В то же время, подключая и соединяя тела всевозможными способами, располагая их в местах пересечений, интерфейсов и взаимодействий всех технических процедур, но отнюдь не превращая их в «технические объекты» (как мы говорим, полагая при этом, что понимаем, что такое «технический объект»), экотехния производит их на свет как таковые – в той ареальной взаимосвязи, которая образует также пространство отмены любого трансцендентного и имманентного значения.
У мира тел нет ни трансцендентного, ни имманентного смысла. Если бы мы стремились сохранить эти слова, то следовало бы сказать, что одно имеет место в другом, но без диалектизации, – что одно имеет место в качестве другого и что места суть подобное местоимение. Места, места существования бытия отныне суть выказывание тел, то есть их обнажение, их многочисленный состав, приумножающиеся обособления, переплетенные друг с другом сети, их скрещивания (в гораздо большей мере технические, нежели этнические).
Наконец, в противовес трансцендентной/имманентной диалектике ареальность создает закон и среду некоей близости, одновременно мировой и местной, как и одной внутри другой. Мы погружены в технэ ближнего.

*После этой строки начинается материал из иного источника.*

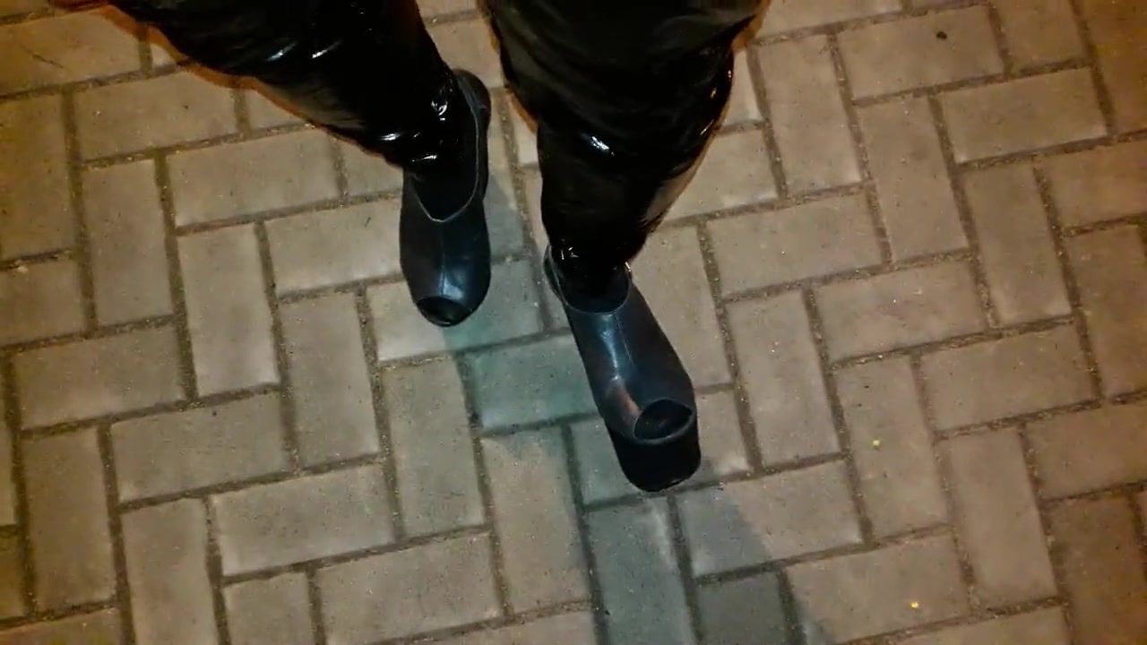 a crossdresser in high ram platform footwear and spandex stretch pants is ambling the streets at night
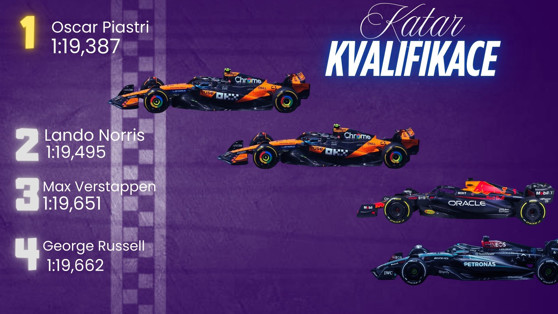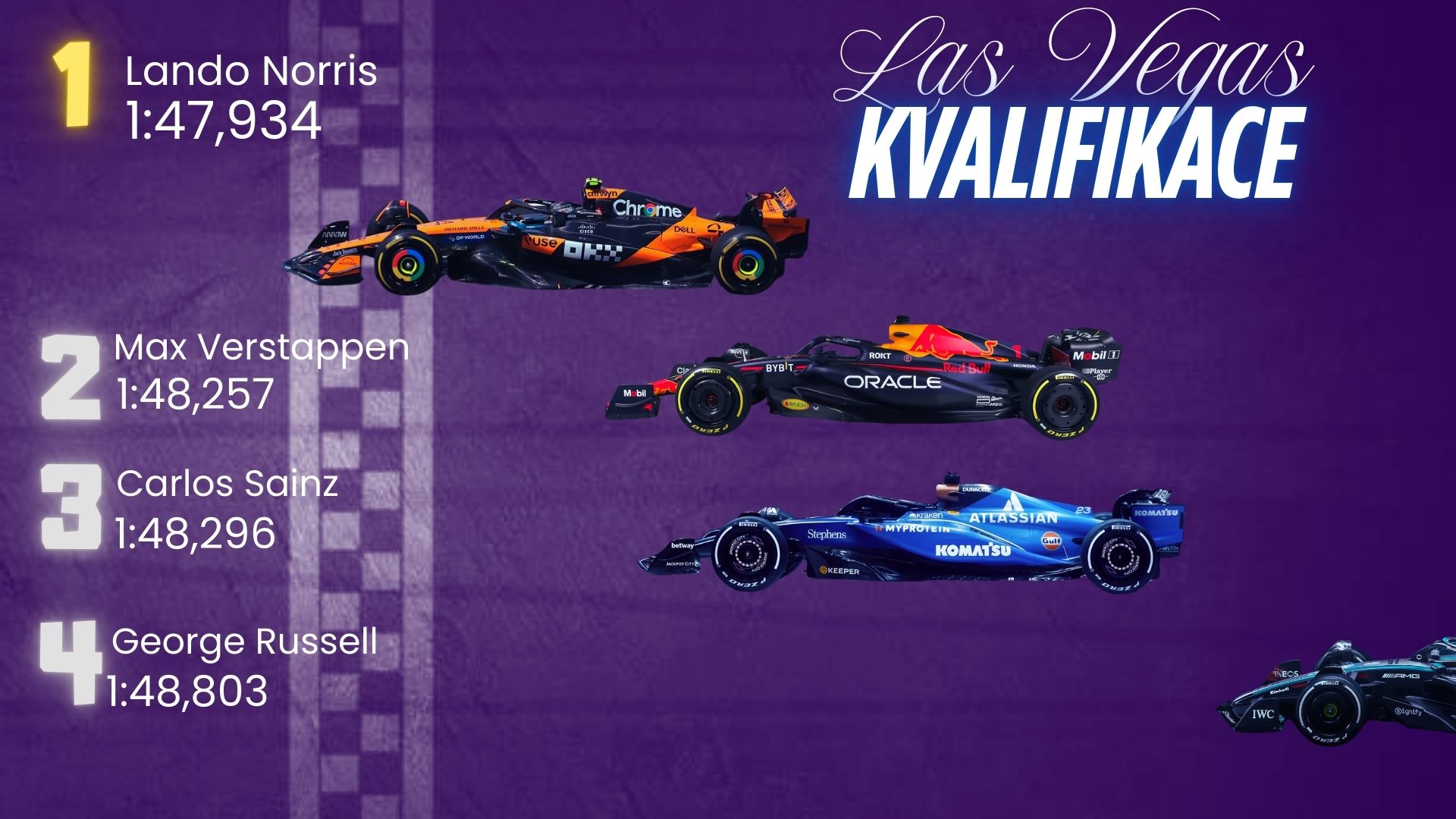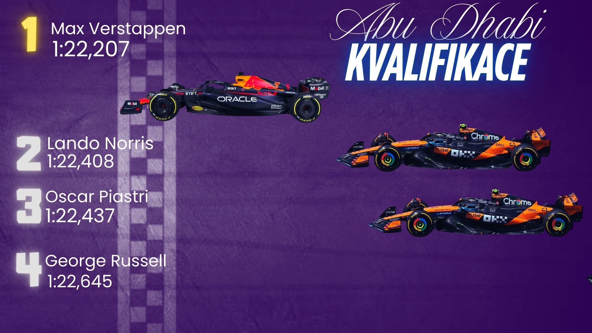 Mamé za sebou poslední kvalifikaci této sezony. Nejpřízniveji dopadla pro Maxe Verstappena, ale ani McLareny nemusí smutnit, zejména Lando Norris. Je možné že nás zítra čeká týmová režie. Russell chyboval v poslední zatáčce. Leclerc z jeho Ferrari vymačkal i to, co tam nebylo.

Иудео-христианско-исламский «ближний» заключался в особенном и всеобщем, в диалектизации обоих этих понятий, приводившей неизбежно ко всеобщему. Но здесь, в данном случае, ближний – это тот, кто на подходе, тот, кто размещен на подступах, кто трогает, а также отстраняется, локализуя прикосновение, смещая его. Не будучи ни естественным, ни искусственным (каковым он поочередно проявлялся до сих пор), «ближний» как технэ предстает «творением» и настоящим «искусством» нашего мира. Притом что пересмотру подвергаются слова «творение» и «искусство», как и в первую очередь сам термин «ближний». Поэтому я предпочитаю говорить, что технэ есть технэ разделения тел, или их соявленности: это различные способы раздавать места очеркам ареальности, вдоль которых все вместе мы выставлены напоказ, а значит, не предположены в каком-нибудь другом субъекте и не послеположены в какой-нибудь конкретной и/или всеобщей цели, но именно показаны – вплотную, бок о бок, тело к телу, – касаемые и опространствляемые, близкие к тому, чтобы навсегда утратить общее допущение.
* * *
Тело всегда весит или дает себя взвесить, прикинуть свой вес. Тело весит, оно сжато другими телами, прямо на других телах. Между ним и им самим – другие грузы, противовесы, аркбутаны. Наш мир происходит от мира силы тяжести: все тела весят – друг на друге и друг подле друга, – тела небесные и мозолистые, тела стекловидные и тельца. Однако гравитационная механика требует здесь единственной поправки: тела весят легко. Это не значит, что они весят мало: совсем наоборот – можно сказать, что тело, ждущее поддержки, в одиночестве любви или отчаяния, в обмороке или в смерти, всякий раз весит единым абсолютным весом.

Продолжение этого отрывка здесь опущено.